Every line of the listing belongs in your answer exactly as written; the images do not.

Collected material
---

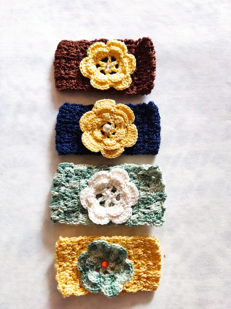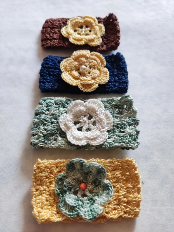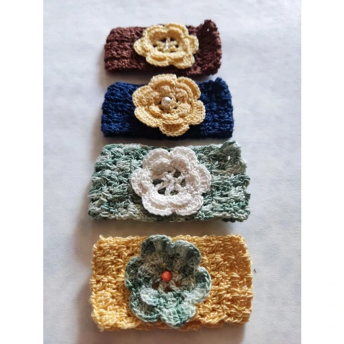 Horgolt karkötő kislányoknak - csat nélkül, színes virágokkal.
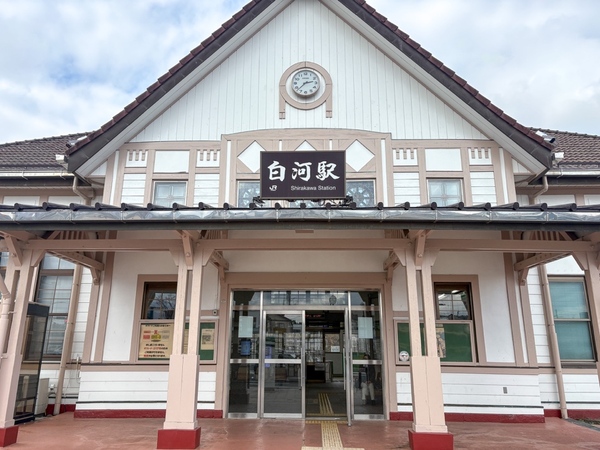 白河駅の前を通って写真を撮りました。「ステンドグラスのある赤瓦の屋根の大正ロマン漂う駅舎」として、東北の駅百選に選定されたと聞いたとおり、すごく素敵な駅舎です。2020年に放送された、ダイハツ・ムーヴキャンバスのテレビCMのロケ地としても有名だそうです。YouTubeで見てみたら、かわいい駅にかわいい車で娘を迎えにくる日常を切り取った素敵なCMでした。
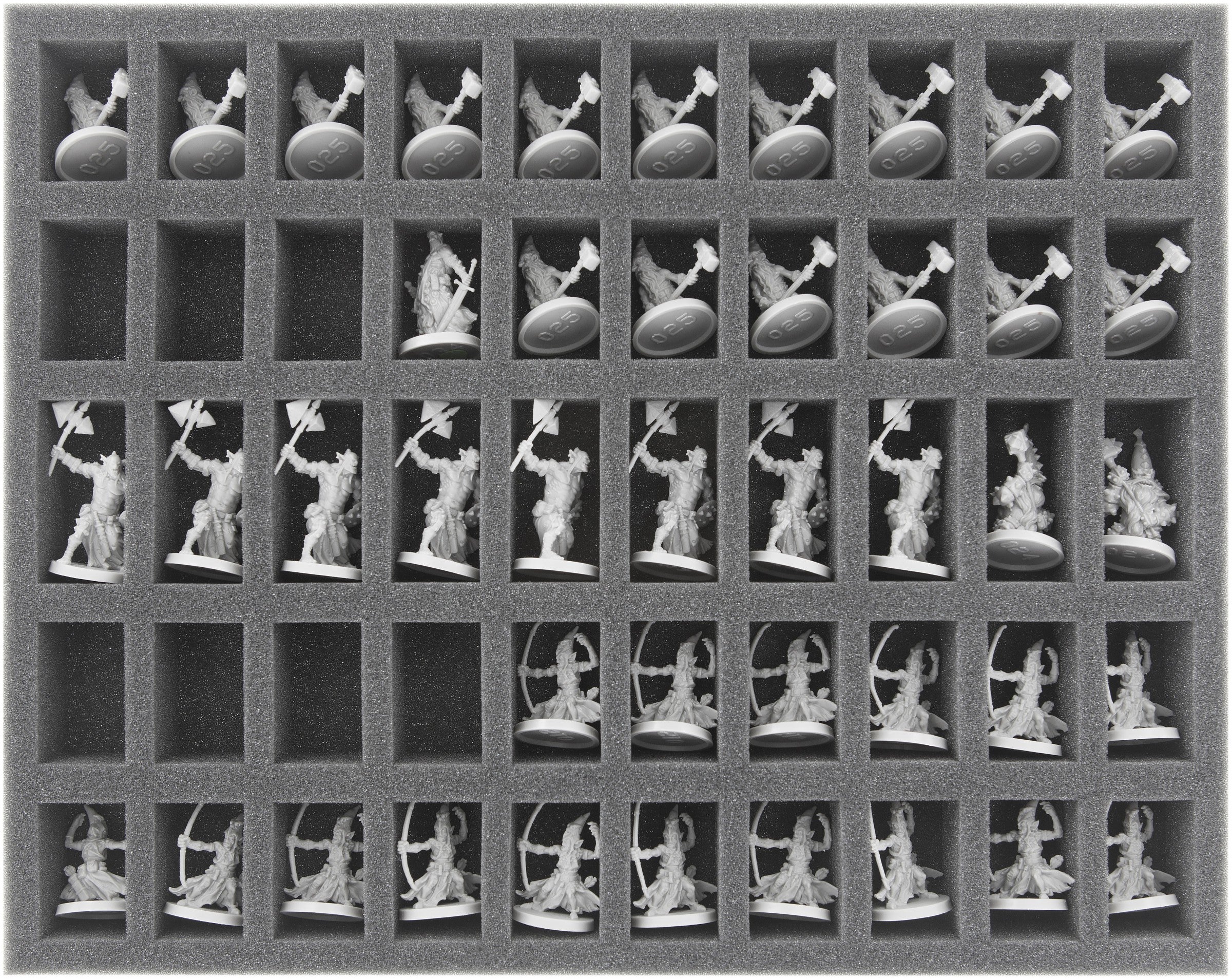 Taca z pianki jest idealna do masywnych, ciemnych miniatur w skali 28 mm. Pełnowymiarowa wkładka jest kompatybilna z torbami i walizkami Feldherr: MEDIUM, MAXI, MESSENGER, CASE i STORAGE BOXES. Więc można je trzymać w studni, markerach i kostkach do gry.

---

Answer to the problem
 Horgolt karkötő kislányoknak - csat nélkül, színes virágokkal.
 白河駅の前を通って写真を撮りました。「ステンドグラスのある赤瓦の屋根の大正ロマン漂う駅舎」として、東北の駅百選に選定されたと聞いたとおり、すごく素敵な駅舎です。2020年に放送された、ダイハツ・ムーヴキャンバスのテレビCMのロケ地としても有名だそうです。YouTubeで見てみたら、かわいい駅にかわいい車で娘を迎えにくる日常を切り取った素敵なCMでした。
 Taca z pianki jest idealna do masywnych, ciemnych miniatur w skali 28 mm. Pełnowymiarowa wkładka jest kompatybilna z torbami i walizkami Feldherr: MEDIUM, MAXI, MESSENGER, CASE i STORAGE BOXES. Więc można je trzymać w studni, markerach i kostkach do gry.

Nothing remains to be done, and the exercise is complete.